We observed similar improvements (compared with both Liftoff and miniprot) when we lifted over different human annotations, including MANE (Supplemental Note S1; Supplemental Table S5; Supplemental Fig. S7; Morales et al. 2022) and CHESS3 (Supplemental Note S2; Supplemental Table S6; Supplemental Fig. S8; Varabyou et al. 2023). Additionally, to assess the ability of LiftOn to map annotation between genomes of non-human species, we ran experiments on two different genomes from each of four plant and animal species—M. musculus (Supplemental Note S3; Supplemental Table S7; Supplemental Fig. S9; Chinwalla et al. 2002; Schmid-Siegert et al. 2023), A. mellifera (honeybee) (see Supplemental Note S4; Supplemental Table S8; Supplemental Fig. S10; Wallberg et al. 2019; Cao et al. 2021), O. sativa (Asian rice) (Supplemental Note S5; Supplemental Table S9; Supplemental Fig. S11; Kawahara et al. 2013; Shang et al. 2023), and A. thaliana (Supplemental Note S6; Supplemental Table S10; Supplemental Fig. S12; Lamesch et al. 2012; Naish et al. 2021)—and obtained comparable enhancements. These analyses demonstrate the robust performance of LiftOn in handling annotation lift-over across a broad spectrum of organisms.

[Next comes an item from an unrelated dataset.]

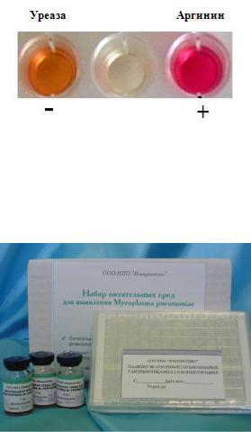 Ускоренный бактериологический метод для выявления генитальных микоплазм и уреаплазм основан на способности микоплазм расщеплять аргинин, а уреаплазм - мочевину с образованием щелочи. О росте культуры судят по изменению цвета индикатора, добавленного в питательную среду (рисунок 11).

LiftOn improves both closely and distantly related species annotation lift-over

To demonstrate that LiftOn can reliably lift-over cross-species annotations, we used it to transfer genes between both closely related and more distantly related species. We measured genomic distance using Dashing 2 (Baker and Langmead 2023) and Mash (Ondov et al. 2016).

Mapping from Homo sapiens to P. troglodytes

Chimpanzees are the closest evolutionary relatives of humans (Goodman 1999; Ebersberger et al. 2002; Chimpanzee Sequencing and Analysis Consortium 2005; Prüfer et al. 2012), so we chose this example to demonstrate the applicability of LiftOn between closely related species. LiftOn successfully lifted-over 37,509 genes (19,485 + 157 + 17,596 + 271) (Table 2), leaving 477 (285 + 192) genes unmapped, of which 285 were protein-coding and 192 noncoding. The overall gene mapping rate was 98.7%. Out of all mapped genes, 37,081 (19,485 + 17,596) were mapped uniquely, whereas 428 (157 + 271) genes were mapped to multiple locations, producing a total of 38,879 gene loci. LiftOn obtained higher protein sequence identity scores than Liftoff and miniprot for 4332 and 33,509 transcripts, respectively (Fig. 5A; Supplemental Note S7; Supplemental Fig. S13). We also compared LiftOn, Liftoff, and miniprot annotations to the published chimpanzee annotation, GCF_028858775.1_NHGRI_mPanTro3-v1.1-hic.freeze_pri, and found that LiftOn's results were superior to both Liftoff and miniprot as measured by matching intron chains and transcripts (Supplemental Table S11).

Figure 5.

Evaluation of gene annotation lifting across species and tools using gene order plots, protein identity dot plots, and frequency distributions. (A) Comparative analysis of lifting over RefSeq v220 annotations from Homo sapiens (GRCh38) to Pan troglodytes (NHGRI_mPanTro3-v1.1). (B) Comparative analysis of lifting over annotations from Drosophila melanogaster (genome assembly release 6 + ISO1MT) to Drosophila erecta (Prin_Dsim_3.1). (C) Comparative analysis of lifting over annotations from Mus musculus (GRCm39) to Rattus norvegicus (mRatBN7.2). Graphs labeled a show protein-gene order plots, with the x-axis representing the reference genome and the y-axis representing the target genome. The protein sequence identities are color-coded on a logarithmic scale, ranging from green (one) to red (zero), and represent the degree of amino acid similarity, with one indicating identical sequences and zero indicating no shared amino acids. The gene order plot script was customized from LiftoffTools. Graphs labeled b are 3D protein sequence identity plots comparing Liftoff on the x-axis, miniprot on the y-axis, and LiftOn on the z-axis. Each dot represents a protein-coding transcript. If a dot is above the x = y plane, LiftOn's mapping produced a higher protein sequence identity score than the other programs. Graphs labeled c are frequency plots on a logarithmic scale of protein sequence identity for LiftOn (left), Liftoff (middle), and miniprot (right).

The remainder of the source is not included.